豆と海藻から作られた3Dプリント製「肉」を開発

カタルーニャ工科大学と生物医学の研究者が豆と海藻をベースとした3Dプリント製「肉」を開発

生物医学と組織工学の専門家であるイタリア人研究者ジュゼッペ・シオンティは、バルセロナ・カタルーニャ工科大学(UPC)と共同で、米やエンドウ豆のタンパク質粉末と海藻の成分を使って、動物肉を含まない3Dプリント製「肉(食肉代替物)」を開発。

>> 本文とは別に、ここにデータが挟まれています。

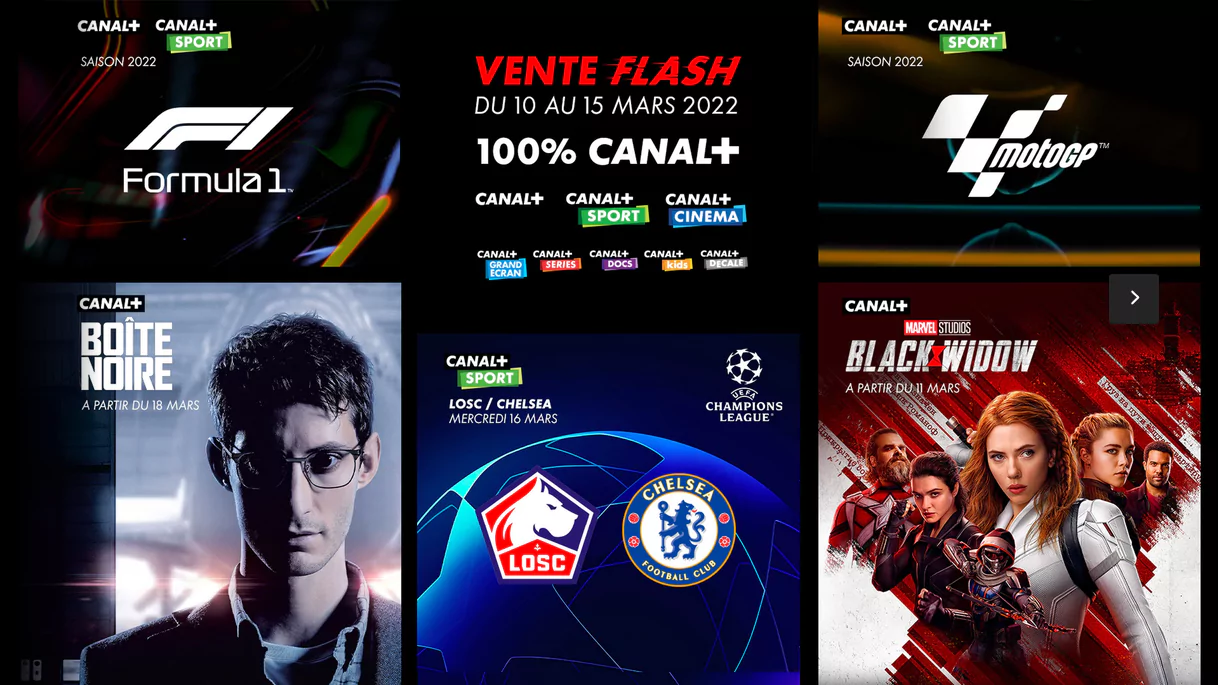 “Retrouvez du cinéma ultra-récent et des films cultes, des séries “Création Originale” et internationales exclusives, des docs et des contenus jeunesse. Vivez aussi de grands rendez-vous sport : UEFA Champions League, Ligue 1 Uber Eats, Premier League, TOP 14, Formule 1, Moto GP” annonce Canal pour présenter son offre spéciale, accessible sur les décodeurs Canal+, les boxs des opérateurs et tous les autres supports classiques (Smart TV, Apple TV, mobile, consoles…).
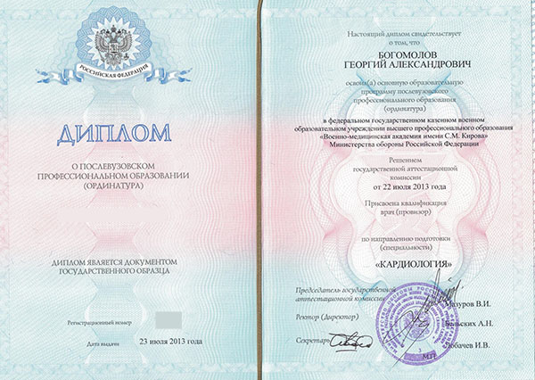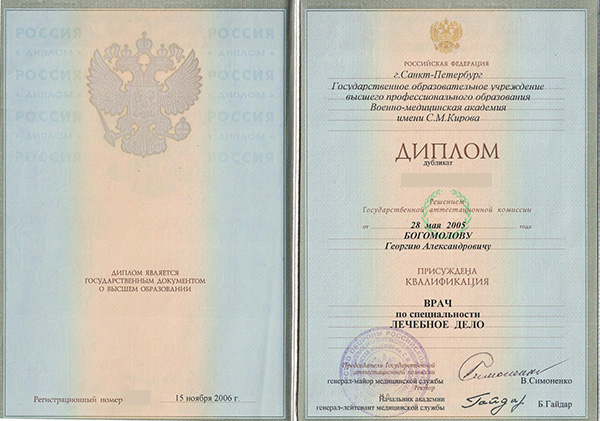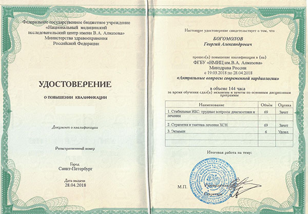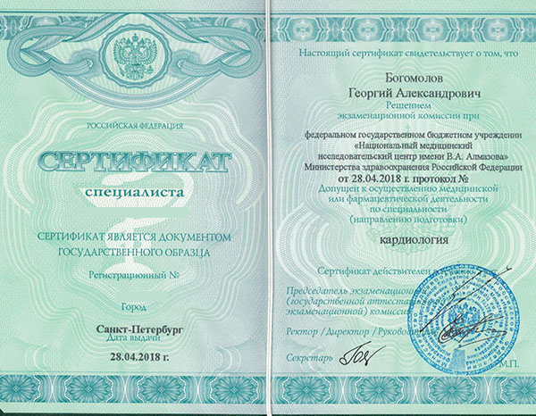 Богомолов Георгий Александрович в 2005 году успешно окончил Военно-Медицинскую Академию им. С.М. Кирова. В 2006 году закончил интернатуру по специальности «Врач общей практики». Далее окончил с отличием ординатуру по кардиологии на базе ТУВ-1 Военно-Медицинской Академии.
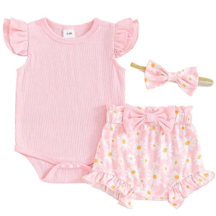 Sweeten up your baby's wardrobe with the Belle Baby Ribbed Romper Daisy Set in Pink. Featuring a ribbed cotton romper with darling flutter sleeves and soft snap clips for quick changes, this outfit is both practical and precious. The daisy print shorts add a fun and playful flair, while the matching bow headband completes the picture-perfect look.
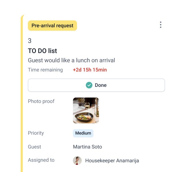 Foto dokaz je mogoče vključiti za opravila, popravila, napake pri čiščenju in naročila v sobo.
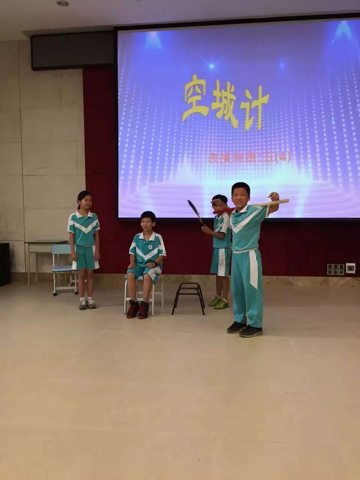 接下来就是同学们期待已久并且准备了很长时间的“名著故事表演”环节。同学们利用课余时间把自己喜欢的故事情节改编成小剧本,经过老师的精心筛选,每个班挑选了一个节目进行汇报表演,甚至有些班级已经在班内就已经举行过初选了。所以四个节目虽然都选自中国四大古典名著,但风格不一。五(1)班的《空城计》,小演员们在服饰上极具现代风格,演员们台词功夫扎实,最后获得“最具潜力奖”;五(2)班的《三顾茅庐》,刘关张和诸葛亮的表演者那举手投足之间已经把人物的特点演绎得几近专业,最后获得“最佳创意奖”;五(3)班表演的是《大话西游》,演员阵容强大,故事情节极具穿越感,带给师生们阵阵欢笑,获得了“最具人气奖”;五(4)班虽然也是表演《空城计》但演绎方式和重点却有别于上个节目,他们的道具准备充足、紧张的气氛营造得逼真,最后获得“最佳舞台风采奖”。名著表演环节在同学们阵阵热烈的掌声中结束。

シオンティ氏は、CADソフトウェアと3Dプリント技術を使用し、食材を「肉」のように変えるプログラムを設計。豆のタンパク粉末と海藻成分を含んだペースト材料を充填したシリンジポンプをFFF方式の3Dプリンタに取り付け、ノズルからペース材料を吐出して、本物の鶏肉に似た質感を持つ3Dプリント「肉」を成形。

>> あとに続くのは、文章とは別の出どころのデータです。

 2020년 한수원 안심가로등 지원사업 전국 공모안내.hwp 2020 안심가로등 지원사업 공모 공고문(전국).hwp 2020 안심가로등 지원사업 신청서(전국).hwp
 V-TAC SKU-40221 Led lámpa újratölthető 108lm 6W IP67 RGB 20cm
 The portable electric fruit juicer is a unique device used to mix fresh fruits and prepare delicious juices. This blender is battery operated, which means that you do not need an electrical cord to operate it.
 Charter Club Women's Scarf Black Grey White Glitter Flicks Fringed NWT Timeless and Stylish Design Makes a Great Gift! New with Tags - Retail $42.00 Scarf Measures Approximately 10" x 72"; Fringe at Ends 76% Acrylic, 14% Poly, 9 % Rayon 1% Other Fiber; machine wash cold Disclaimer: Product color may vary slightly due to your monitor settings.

肉の代用品を想定し生成された3Dプリント製の「肉」は、食感こそ肉に近づいたが、まだ動物の肉の味を再現できていない。しかし、動物の肉の味を再現するための技術はここ数年で飛躍的に開発が進んでおり、近い将来、本物の動物の肉と同じ味と食感を忠実に再現できるとしている。

人口の増加に伴い、肉に対する欲求は世界的にも高まっているが、動物の飼育や肉の輸送や貯蔵により排出される環境汚染物質の量は、環境問題の一つと考えられている。

また、植物由来の人工肉を製造・開発するアメリカの食品会社「Beyond Meat(ビヨンド・ミート)」や、肉を一切使わない植物性合成肉ハンバーガー店「Impossible Burger(インポッシブル・バーガー)」のような企業の成功例は、挽肉を使用するバーガーやタコスが、挽肉の代替となる合成肉に置き換わる事が可能であることを示している。


100グラムの3Dプリント「肉」を作るのに要する時間は30~50分

シオンティ氏は、環境への影響を減らし、世界の栄養事情を改善することを目的に、容易に入手できる米やエンドウ豆タンパク質とアミノ酸を材料として選択。現時点ではこの代替肉100グラムをプリントするのに€2のコストが掛かるが、将来的に生産量が増えれば、当然この価格が大幅に下がると期待している。
またシオンティ氏は、この3Dプリント技術に関する特許を申請。地元地域のシェフと協力し、低コストで短時間に生成可能な3Dプリント食品を開発し、2017年10月に彼の発明品を販売するためのスタートアップ「Nova Meat」を立ち上げた。